They were sleek and quiet, making a gentle humming noise as they flew over the flight lines — where aircraft can be parked and serviced — of the Kandahar airfield in Afghanistan, where he was stationed in 2012. Not everyone had access to the flight lines, according to Antal, but he was responsible for participating in dignified transfer ceremonies, also known as ramp ceremonies, which were set there to greet the caskets of fallen service personnel as they were returned to base, en route to the U.S. On these occasions, he would watch the drones drift in and out, loaded with Hellfire missiles.

“It was [a] stark contrast to the solemnity of what I was doing at the ceremonies,” Antal, a Unitarian Universalist minister, told ABC News about watching the drones during the ceremonies. “When I would watch them and think about where they had been and where they were going, it would break my soul.”

 On April 12, Antal resigned his commission as an officer in the Army because of his conscientious objection to the United States’ drone policy. In a letter addressed to Commander-in-Chief Barack Obama, Antal wrote, “The executive branch continues to claim the right to kill anyone, anywhere on Earth, at any time, for secret reasons, based on secret evidence, in a secret process, undertaken by unidentified officials. I refuse to support this policy of unaccountable killing.” In doing so, he joined other previous members of the armed forces who have addressed Obama to criticize his drone strike policy, including four former members of the Air Force who penned a letter in November of 2015 warning the president that the strikes “served as a recruitment tool similar to Guantanamo Bay.”

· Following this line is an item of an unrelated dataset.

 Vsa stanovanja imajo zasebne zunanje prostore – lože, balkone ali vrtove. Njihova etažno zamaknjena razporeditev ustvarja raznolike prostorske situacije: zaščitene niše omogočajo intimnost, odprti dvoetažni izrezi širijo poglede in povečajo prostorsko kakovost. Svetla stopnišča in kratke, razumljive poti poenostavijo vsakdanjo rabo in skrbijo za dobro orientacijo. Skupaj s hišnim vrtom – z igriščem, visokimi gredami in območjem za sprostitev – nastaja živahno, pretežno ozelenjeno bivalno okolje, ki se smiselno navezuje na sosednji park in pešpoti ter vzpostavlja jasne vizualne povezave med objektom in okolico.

The White House has defended the use of force in certain situations. "Since his first day in office, President Obama has been clear that the United States will use all available tools of national power to protect the American people from the terrorist threat posed by al-Qa’ida and its associated forces," reads a 2013 fact sheet on policies and procedures for counter-terrorism operations outside the U.S. and areas of active hostilities.

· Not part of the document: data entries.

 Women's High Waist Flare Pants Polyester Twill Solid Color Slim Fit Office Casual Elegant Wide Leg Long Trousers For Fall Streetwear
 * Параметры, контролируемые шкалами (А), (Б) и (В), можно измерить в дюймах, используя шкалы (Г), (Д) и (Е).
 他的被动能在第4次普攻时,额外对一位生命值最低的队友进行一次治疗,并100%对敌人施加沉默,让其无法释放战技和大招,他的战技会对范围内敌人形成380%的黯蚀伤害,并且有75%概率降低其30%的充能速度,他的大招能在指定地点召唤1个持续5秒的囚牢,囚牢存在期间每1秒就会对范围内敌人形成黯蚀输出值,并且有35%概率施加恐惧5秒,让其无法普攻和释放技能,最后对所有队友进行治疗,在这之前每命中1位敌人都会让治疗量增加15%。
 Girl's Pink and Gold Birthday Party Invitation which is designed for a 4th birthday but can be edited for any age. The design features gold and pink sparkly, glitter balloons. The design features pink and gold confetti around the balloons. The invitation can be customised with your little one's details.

Christopher Antal’s Resignation Letter

Earlier this year, the Obama administration agreed to publish a redacted version of the so-called playbook for U.S. drone operations overseas. Antal hopes that with the publication, Americans will open their eyes to what is really happening with armed drones. The administration has not made clear when the documents will be released.

Civilian Casualties

The release of the drone playbook by Obama administration officials could provide the clearest window yet into a military program that has been shrouded in mystery since it began during George W. Bush’s administration in the early stages of the war in Afghanistan.

The numbers of civilians killed by U.S. drone strikes has been a source of controversy for years now, and precise data have been difficult to verify because of government secrecy on the subject and a scarcity of firsthand reports from areas where drone strikes take place.

In April, Obama told the press in reference to drone strikes, “There’s no doubt that civilians were killed that shouldn’t have been” — a change in tone from 2012, when he told an online forum, “Drones have not caused a huge number of civilian casualties.”

According to documents that a whistleblower provided to The Intercept in 2015, drone strikes frequently kill civilians, and “nearly 90 percent” of the people killed in airstrikes during Operation Haymaker, a five-month military operation in 2012 targeting al-Qaeda operations in eastern Afghanistan, were “not intended targets.” A current U.S. official and a former one who were involved in drone operations told ABC News at the time that the unintended targets were often suspected militants traveling to or at meetings with intended targets.

London’s nonprofit Bureau of Investigative Journalism, which says it pursues “research, investigations, reporting and analysis which is of public benefit,” estimated that from 2004 to 2014, there were 2,379 casualties from U.S. drone strikes in Pakistan. Of the 704 people killed who have been identified by the bureau, only 295 were reported to be militants, meaning that about 58 percent were believed to be noncombatants.

The organization reported in 2012 that dozens of civilian rescuers and mourners at victims’ funerals were targeted in drone strikes in Pakistan.

 In 2011, U.S. officials told ABC News that the bureau’s numbers were “way off the mark” but did not address the subject of civilian casualties killed in drone attacks.

New America, formerly the New America Foundation, a nonprofit public policy think tank in Washington, D.C., said the number of civilians killed in drone strikes in Pakistan is much lower. It estimated that in 403 strikes since 2004, 2,284 to 3,625 people were killed and that 7 to 14 percent of them were civilians, 5 to 12 percent were unknown and the remainder were militants.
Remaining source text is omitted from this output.